Carnival, Lineman Thiel, and The Apostle are three novellas about madness.  Each draws the reader into a vivid scene which is as natural as the snow falling outside my window as I write this.  Carnival is the madness of youth and irrational self-assurance.  A young sail-maker and his wife are the life of every party in their community.  They have sufficient for the day and thanks to a miserly mother who lives with them they are confident of future resources.  One night, crossing a frozen lake on a sled returning from a masquerade party, they become lost in the fog and fall through the ice to their death.  Simple, if tragic, story you think?  Not the way Gerhart Hauptmann tells it.  This man builds the tension from the first sentence.  You know something terrible is going to happen by hint after hint until the ending has all of the shock value of anything written by the likes of Poe.
The Lineman Thiel is a different kind of madness.  We meet Thiel, a conscientious, quiet, hardworking railroad employee responsible for a section of track and a crossing not far from the village where he lives.  His first wife died leaving him a retarded son on whom he dotes.  To care for his son he marries a local milkmaid who turns out to be a shrew who misuses the boy.  One day she brings their baby and the boy out to the section of track to till a nearby garden patch.  Ignoring the boy he gets onto the track and is run over by the train.  Pushed beyond sanity by grief Thiel murders his wife and child then sits n the track waiting for the next train.  One paragraph is not nearly sufficient to describe the beauty in this tragedy.  Please if you have time for Hauptmann try this one. 
The apostle tells from the inside the decent into madness of a person too deeply immersed in religion.  It is also beautifully written, the reader is drawn into the madness.  It is far too easy to see in this allegory persons I have known.
Gerhart Hauptmann’s naturalism is a breath of fresh air.  It is all there but done in such a way as not to insult the intelligence.  I did not read enough of his plays to get a good picture of this work.  I did very much enjoy his novellas.  I can see why he received the 1912 Prize.
Now, for the first time, we leave Europe and travel to India.  Rabindranath Tagor was a Bengali poet, novelist, short-story writer and playwright.  It is time for curry and Darjeeling tea.

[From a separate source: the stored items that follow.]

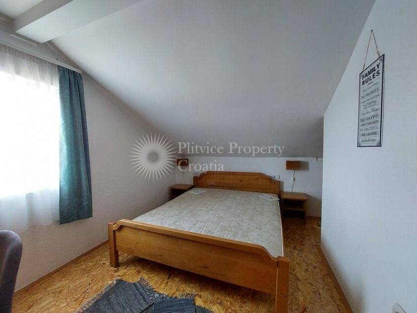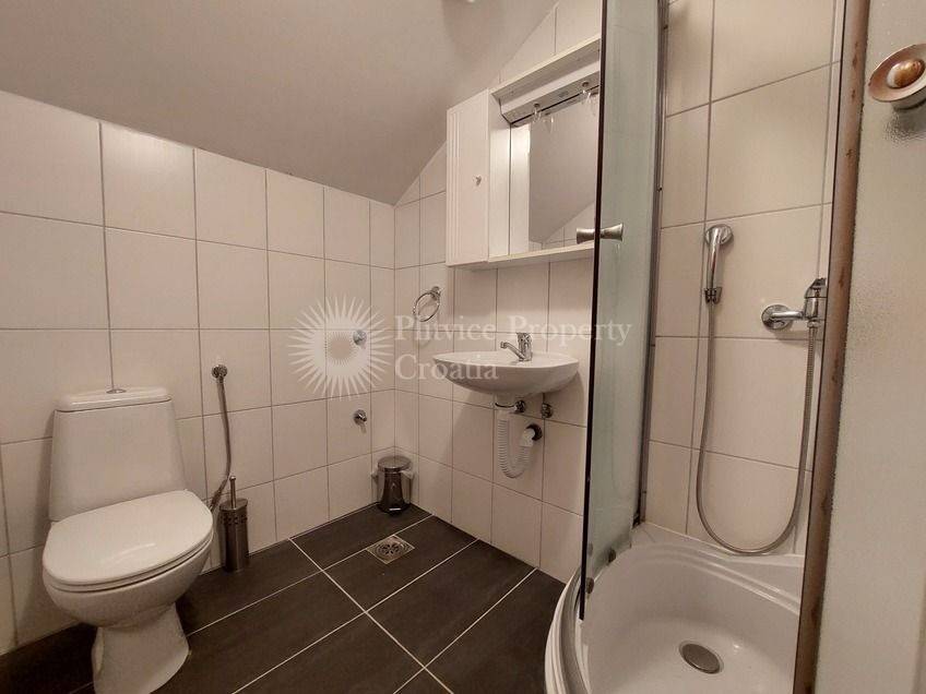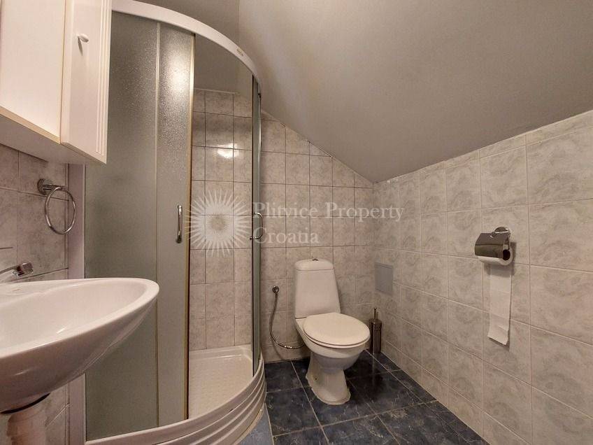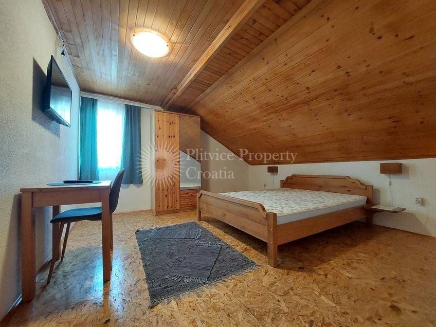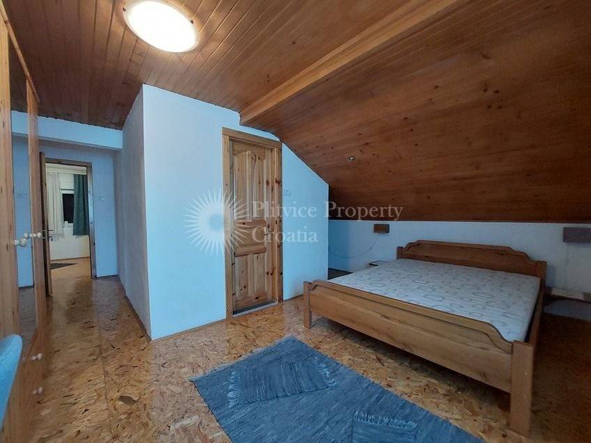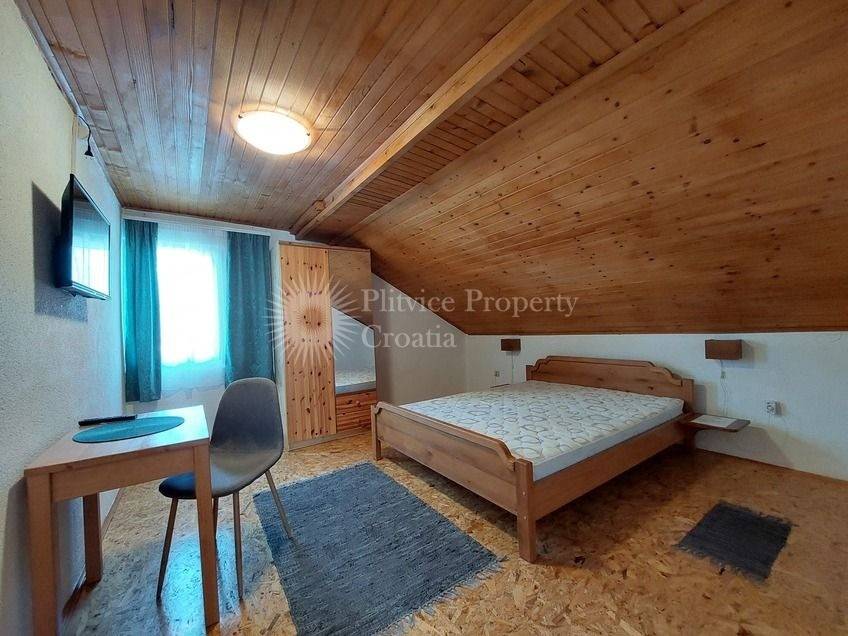 In Croatia is a guest house for sale. The guest house can host up to 24 people, consists of 2 buildings, and is located in a quiet neighborhood along a dead-end street on the edge of Korenica, at 18 km from Plitvi��ka Jezera. The centre of Korenica, with all its shops and facilities, is located 500 meters from the property. The property is fenced with a sliding gate and provides parking space for 9 cars. In the back of the property is the second building, which contains a garage and additional accommodation.
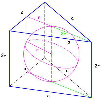 . Лопта додирује основе у тежиштима троуглова, а бочне стране у центрима правоугаоника.
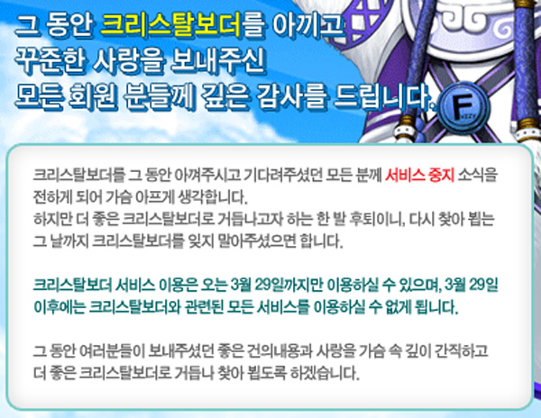 ¡â Å©¸®½ºÅ»º¸´õÀÇ ¼ºñ½º ÁßÁö °øÁö

Wednesday, February 1, 2012

MAURICE MAETERLINCK

“In appreciation of his many-sided literary activities and especially of his dramatic works, which are distinguished by a wealth of imagination and by a poetic fancy which reveal, sometimes in the guise of a fairy tale, a deep inspiration, while in a mysterious way they appeal to the readers’ own feelings and stimulate imaginations”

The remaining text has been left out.